What is the hardest part about creating your artwork?

The most difficult task is to paint the eyes. I never use glass eyes. I paint them myself in a long and laborious process, putting subsequent layers of covering and glazing paints. All of this to put an illusion of life into them.

I like neither compliments or criticism - both are subjective assessment of the recipients, the interpretation of the image that they see through their own prism. In the process of creation I have to be faithful to myself. Only then it has true value.

Are you working on anything new at the moment?

Right now I'm preparing myself for two exhibitions and work without rest on the new dolls. I've decided to take on certain subjects for the first time and I myself am curious of the outcome.

What would people be surprised to learn about you?

It may be surprising for some but I don't like exhibitions and I honestly hate talking about myself. I prefer to hide in the shadow of my puppets. :)

Do you admire any artists?

It's difficult to name specific artists. I admire works of art which evoke emotions. It's the main feature which draws my attention. It's those emotions and great craftsmanship - the ability to control the matter. It's these two qualities that I admire.

Can you tell me a bit more about your creations - the process you take to make them, what inspires you to create them?

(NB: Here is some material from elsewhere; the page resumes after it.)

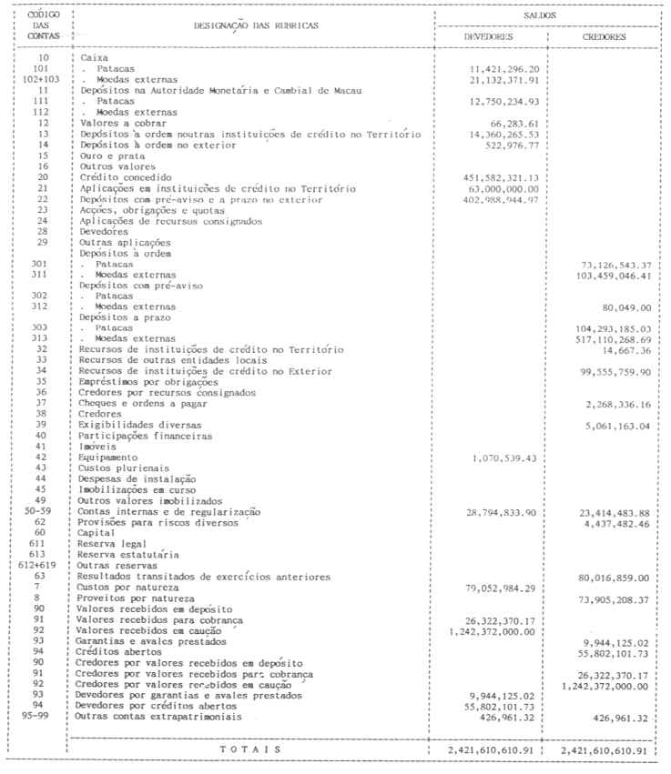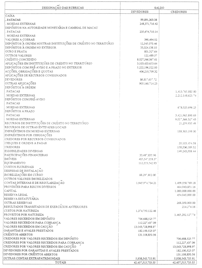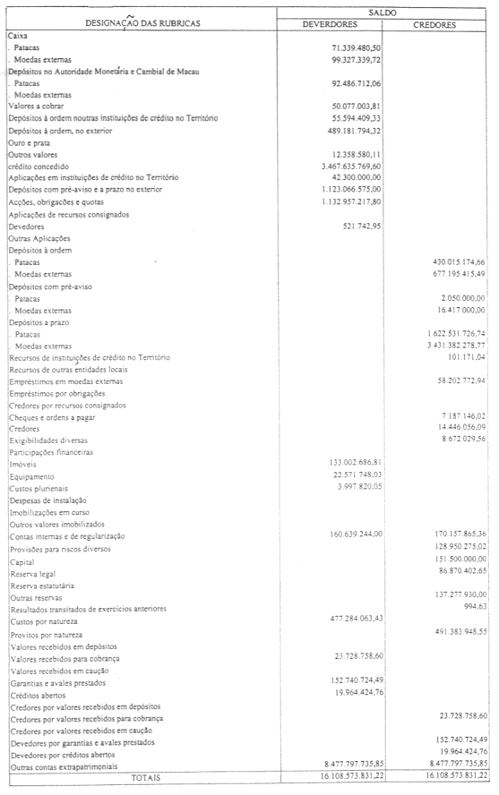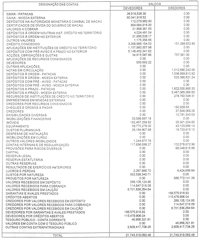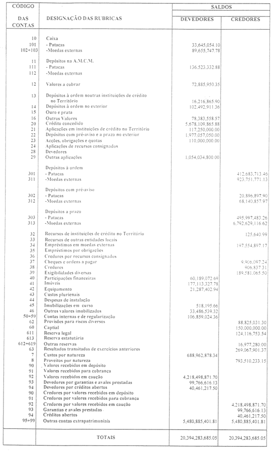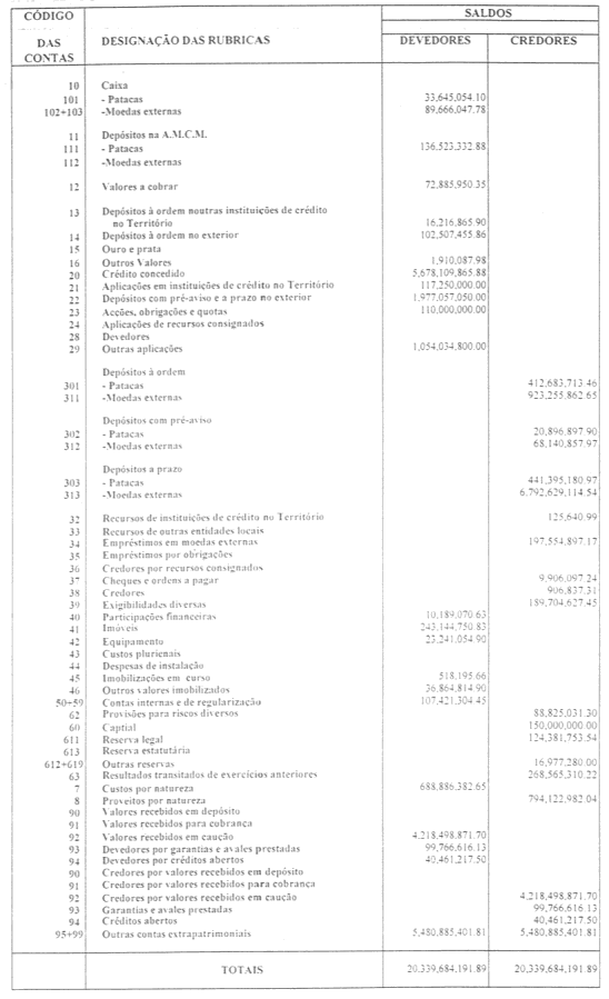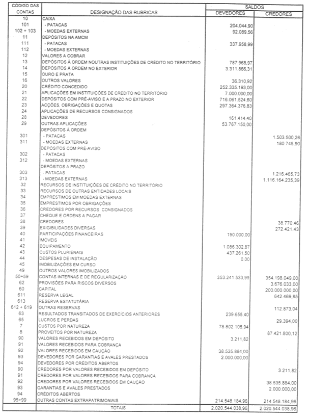 Balancete do razão em 31 de Dezembro de 1999 (Consolidado)

Each of these dolls has been created in the image of a man and it is a perfect medium to demonstrate deepest feelings and emotions while at the same time leaving room for ambiguity. It's an ideal amalgamation of what is tangible with what you cannot touch but crave for. Dolls have that incredible inner power. They can be ridiculous or scary, have their own expression, personality, and thus evoke extreme feelings - here lies their phenomenon and it delights me. In each of them I enclose emotion, and its interpretation I leave to the recipient.

Favourite or most inspirational place in Poland?

Where I live :) I live in South West Poland in a place where an unambiguous flat land ends and begins marked with light and shadow - Sleza Massif - it has a unique landscape, specific microclimate and extraordinarily rich history shrouded in many legends.

What does being an artist mean to you?

I don't like being an artist, but I love being a creator. I have a feeling that the ability to create is something most noble in man, the purest divine principle.

Hardest lesson you have ever had to learn as an artist?

Having humility towards the matter that you need to learn to be able to imprint your idea in it.

What would you say is the best complement/constructive criticism/advice you have ever received as an artist?

I like neither compliments or criticism - both are subjective assessment of the recipients, the interpretation of the image that they see through their own prism. In the process of creation I have to be faithful to myself. Only then it has true value.